Mme [U] [L] quittait l’établissement le 19 avril 2023.
Elle indique qu’elle ressentait d’importantes douleurs abdominales le 22 avril 2023.
Le docteur [B], chirurgien digestif, pratiquait une cure d’éviscération.
Les douleurs de Mme [U] [L] s’intensifiaient.
Un scanner mettait en évidence une plaie urétérale avec urinome en fosse iliaque droite.
Le 23 avril 2023, Mme [U] [L] était transférée au service urologie du C.H.U de [Localité 9] pour y pratiquer une dérivation urinaire percutanée.
Une néphrostomie percutanée lui était posée le 25 avril 2023.
Une sonde naso-gastrique était également posée, puis retirée le 1er mai 2023. Elle quittait le C.H.U de [Localité 9] le 4 mai 2023, une sonde de pyélostomie.
Elle était reçue en consultation par le docteur [S] les 29 juin et 3 août 2023. Celui-ci préconisait une réimplantation urétéo-vésicale sur vessie psoïque.

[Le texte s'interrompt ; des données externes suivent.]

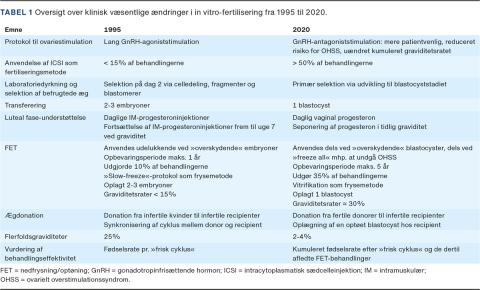 Som nævnt er den grundlæggende metode uændret, men IVF har udviklet sig i takt med såvel ny klinisk, farmakologisk og laboratoriemæssig viden som lovgivning. I Tabel 1 gives en oversigt over de væsentligste ændringer i behandlingspraksis. En af de mest markante udviklinger har været reduktionen i flerfoldsgraviditeter ved transferering af en enkelt blastocyst nu – ofte i en FET-behandling. Denne udvikling beskrives nærmere nedenfor.

Cette intervention se tenait le 25 septembre 2023 au centre hospitalier de [Localité 10]. Elle permettait la réimplantation de l’uretère droit au sein de la vessie.
La sonde vésicale était retirée le 9 novembre 2023 par le docteur [P] au sein du C.H.U de [Localité 9].
Depuis janvier 2024, Mme [U] [L] indique souffrir d’infections urinaires chroniques, environ une fois par mois. Le docteur [P] a préconisé un traitement à base de canneberge. Elle souffre par ailleurs de douleurs permanentes dans le dos et les jambes et ressent des décharges dans la jambe droite.
Auparavant adjointe d’animation contractuelle, Mme [U] [L] a été placée en arrêt maladie. Elle a ensuite été placée en invalidité catégorie 1. Depuis le 1er avril 2024, elle bénéficie d’une pension d’invalidité d’un montant de 311,56 euros.
Par actes de commissaire de justice des 8 et 29 novembre 2024, Mme [U] [L] a fait assigner le docteur [E] [B], le docteur [W] [Z], la S.A.S centre médical chirurgical obstétrical Côte d’Opale et la C.P.A.M de l’Artois devant le juge des référés du tribunal judiciaire de Boulogne-sur-Mer afin d’obtenir, sur le fondement de l’article 145 du code de procédure civile, la désignation d’un expert médical aux fins de recueillir tous les éléments permettant de déterminer les responsabilités en cause et l’étendue des préjudices subis.
Par conclusions du 16 décembre 2024, Mme [U] [L] confirme sa demande et s’oppose à la demande de mise hors de cause du C.M.C.O. Par conclusions du 02 janvier 2025, le docteur [E] [B] et le docteur [W] [Z] émettent protestations et réserves d'usage et demandent que la mission de l’expert soit complétée.